Ringrazio il Dott. Roberto Andreini che ha reso speciale quest’ultimo periodo della specializzazione sia perché grazie a Lui sono cresciuto professionalmente, ma soprattutto perché ho ricevuto tanta stima e affetto come persona che ricambio a mia volta.

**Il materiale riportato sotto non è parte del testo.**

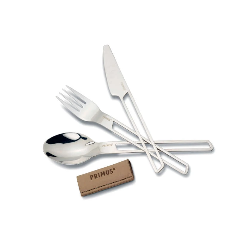 Das Campfire von Primus ist ein hochwertiges Edelstahl Reisebesteck bestehend aus Löffel, Gabel und Messer. Das Lederformstück hält das Set klapperfrei und sicher zusammen.
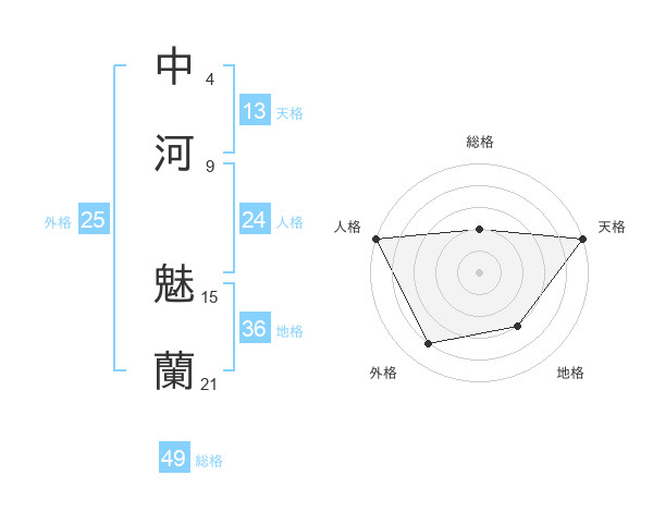 中河 魅蘭さんの天格は13画の5点!

Ringrazio tutti i Colleghi della Medicina di Pontedera perché ciascuno di loro mi ha riservato sorrisi, consigli e stimoli professionali:

Claudio, Benedetta, Gabriella, Miriana, Mauro, Roberto, Rosanna, Moreno, Anna, Silvia, Pasquale e Gioacchino.

Ringrazio Silvia, mia moglie, del suo straordinario sostegno nella preparazione di questa tesi, ma soprattutto perché grazie a Lei sono un uomo e un medico migliore.

Ringrazio i miei genitori, mia sorella e i miei suoceri che mi hanno supportato in questi anni di specializzazione, incoraggiato nei momenti difficili e gioito con me nei momenti belli.

Ringrazio inoltre tutti i miei amici presenti oggi, 5 luglio 2017, e

quelli che non hanno potuto esserci: il mio affetto verso di voi è smisurato.